Burrell's condition is not that uncommon among Gen Xers. Having finished school with a freshly minted degree in hand, they've begun to stake their claim in the business world. At the same time, they've focused on a future full of goals. Unfortunately, most times they've neglected to lay out a solid financial plan that will make those goals attainable.
There are steps anyone can take to get on the right road to a bright financial future. It starts with assessing your financial picture, deciding on a regular amount to save, amassing enough to put into a few mutual funds that will spread the risk between blue chips and aggressive growth stock--then, diving in
Just three short years after completing her law degree at the University of Michigan Law School, Burrell found herself in a comfortable job with a salary in the low $40s. All the while, she had aspirations of someday returning to graduate school for an education degree and starting a family. And she was a prime candidate who needed no coaching on the value of saving; currently, she salts away about $500 a month. Still, as she frets about making that first big investment move, her money languishes in a bank savings account. "I know that's measly, but I just can't make up my mind," Burrell admits, referring to the pile of prospectuses that sit neglected.
Burrell's first step--a rigorous savings regimen--is a sound one. But the sorrowful fact is that scrimping alone isn't enough. By parking her money in a savings account, Burrell is getting the lowest interest rate. Her money will grow sluggishly at best, and perhaps not at all on an inflation-adjusted basis.
To get a better idea, look at the raw figures. Start with $10,000. After compounding 3% interest on the initial investment over 10 years, you've amassed $13,439; over 15 years, that total moves up to $15,580. But when you take that return to the stock market--for our example, we'll use the 12% annual return posted by the S&P 500 as our benchmark--you'll notice a sizable difference at the end. In 10 years, your treasured $10,000 savings has grown to $31,058, and in 15 years, you've amassed $54,736.
Generation Xers admit that the first step is the scariest. They know that the stock market--where the S&P 500 has averaged annual gains of 12% for the last 20 years--is the place to be. They may also know that mutual funds are the best way to take the investment plunge. Yet, they linger. "If African Americans are going to start matching their academic gains of the last few decades with progress on the financial front, it's going to require that more of us get down to the business of capital formation in our 20s and 30s," says New York City CPA and financial planner Brian S. Carr.
By now, it's clear that for the long run, stocks--equities, as they're called in investing circles--are the best vehicle around. To best play the market, we advise you to look at mutual funds, which spread your money across a well-diversified portfolio of 30-50 stocks.

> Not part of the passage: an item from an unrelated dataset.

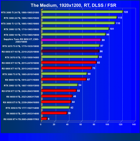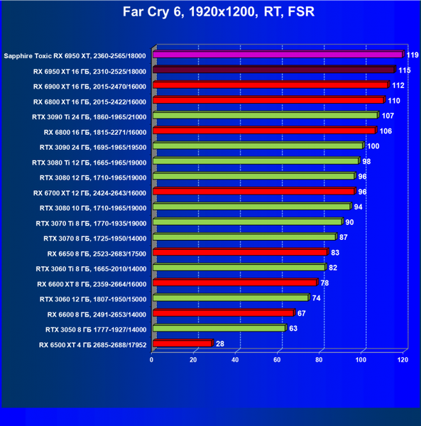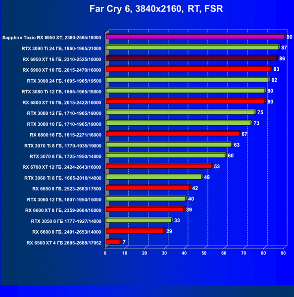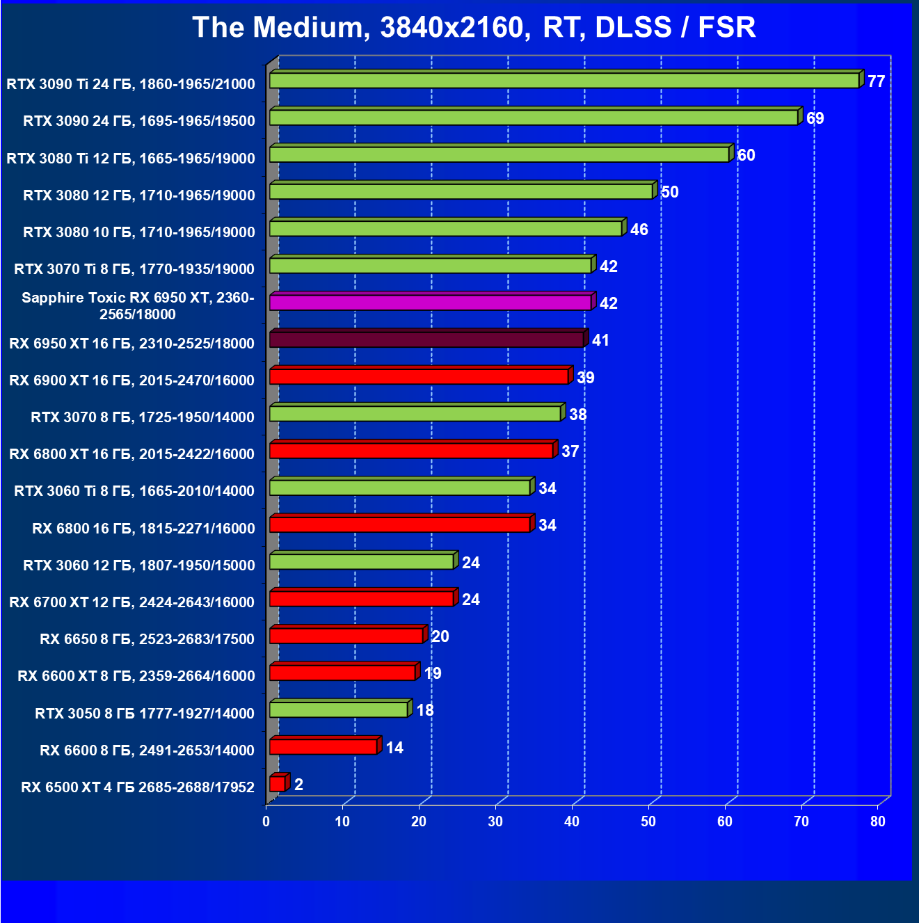 В целом AMD Radeon RX 6950 XT (как и его предшественник Radeon RX 6900 XT) продемонстрировал свою принадлежность к числу ускорителей флагманского уровня, конкурируя с GeForce RTX 3090/3090 Ti в классических играх с растеризацией. В играх с трассировкой лучей без поддержки FSR новый Radeon RX 6950 XT демонстрирует производительность лишь на уровне GeForce RTX 3070 Ti, однако сейчас уже много игр имеют поддержку AMD FSR, что позволяет в значительной мере компенсировать потери от включения RT. Поэтому в целом даже в играх с трассировкой лучей новый ускоритель соответствует уровню между GeForce RTX 3080 12 ГБ и GeForce RTX 3080 Ti. Основным отличием Radeon RX 6950 XT от Radeon RX 6900 XT является использование более быстрой памяти, а также незначительно повышенная частота работы ядра.

That is one way to safeguard the savings you've worked hard to get. With that in mind, your investments should be spread across three to five mutual funds.
There's an initial hurdle to mutual funds that must be conquered before you can enter the market: most funds require that you ante up $ 1,000-$2,500 or more to start. Of the 8,090 funds listed in the Principia Plus database compiled by Morningstar, the Chicago firm that tracks mutual fund performance, roughly 5,500 have an initial minimum outlay of $1,000 or more; but 1,648 other funds charge less than that. That may be more than most Xers have available, especially if you're strapped with student loan payments and a car note to boot. Stay calm, though. Even if you're still a ways from that initial deposit, there are several paths that can get you there.
A WORKSHEET OUTLINES YOUR FINANCIAL PICTURE
No matter what your age, there's no escaping one very basic first step: scanning your present financial condition. The first worksheet of this series is designed as a way to survey the landscape before you proceed toward your goals. In the future, you can retrace the simple sketch of assets and its measure of your cash flow to determine just how far you've gone and how much further remains. The remaining worksheets in the series are designed to help you come toe grips with other investment issues, such as asset allocation and portfolio strategies, no matter what your age.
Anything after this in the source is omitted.